Randomised groups | Non-randomised group | ||||||
---|---|---|---|---|---|---|---|
No prescription (n=123) | Recontact (n=108) | Post-date (n=114) | Collection (n=105) | Patient led (n=106) | Immediate antibiotics (n=333) | ||
Previous duration (days)* | 7.5 (7.8) | 6.3 (5.4) | 6.5 (5.2) | 7.1 (7.9) | 7.2 (6.3) | 8.5 (7.7) | |
Mean severity of all symptoms at baseline* | 0.94 (0.44) | 0.92 (0.42) | 0.98 (0.44) | 0.99 (0.42) | 0.94 (0.42) | 1.15 (0.45) | |
Diagnosis | |||||||
Lower respiratory infection | 8/122 (7) | 8/106 (8) | 5/110 (5) | 6/104 (6) | 8/105 (8) | 100/331 (30) | |
Pharyngitis or sore throat | 28/123 (23) | 26/108 (24) | 32/108 (28) | 32/114 (28) | 22/106 (21) | 95/333 (29) | |
Upper respiratory infection | 68/123 (55) | 51/108 (47) | 55/114 (48) | 60/105 (57) | 58/106 (55) | 37/333 (11) | |
Sex (female) | 76/122 (62) | 59/107 (55) | 65/110 (59) | 63/104 (61) | 65/105 (62) | 212/332 (64) | |
Current smoker | 19/122 (16) | 15/108 (14) | 14/110 (13) | 22/104 (21) | 17/105 (16) | 73/331 (22) | |
Age (years)* | 29 (22) | 31 (20) | 34 (22) | 30 (20) | 32 (21) | 37 (21) |
Data are mean (standard deviation) unless stated otherwise.

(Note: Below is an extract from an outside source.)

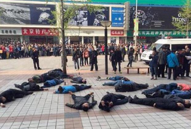 Pekinški policajci u patroli su juče ujutro, u pešačkoj zoni kvarta Vangfuđing, pronašli više od 30 ljudi kako leže na pločniku, javlja televizijska mreža Ej-Bi-Si (ABC). Kraj njihovih tela pronađene su boce sa pesticidom, i oni su hitno prebačeni u obližnju bolnicu. Prema navodima policije, niko od njih nije ozbiljnije ozleđen.
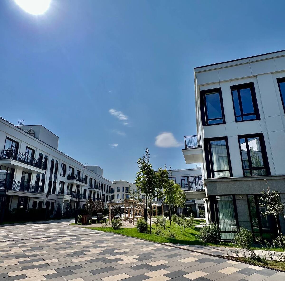 ✅ Благоустроенный двор, современные детские площадки, озеленение

*Number (%) of patients. Denominators vary owing to missing data at baseline.
Attrition bias
The characteristics of patients where the primary outcome was not documented were similar to those followed up (n=751) for baseline symptom score (1.0 v 0.98), female sex (82/136 (60%) v 458/744 (62%)), age 16 years or less (31/136 (23%) v 200/744 (27%)). The two groups were similar in diagnosis of lower respiratory tract infections (22/135 (16%) v 113/742 (15%)) and otitis media (16/134 (12%) v 66/740 (9%)).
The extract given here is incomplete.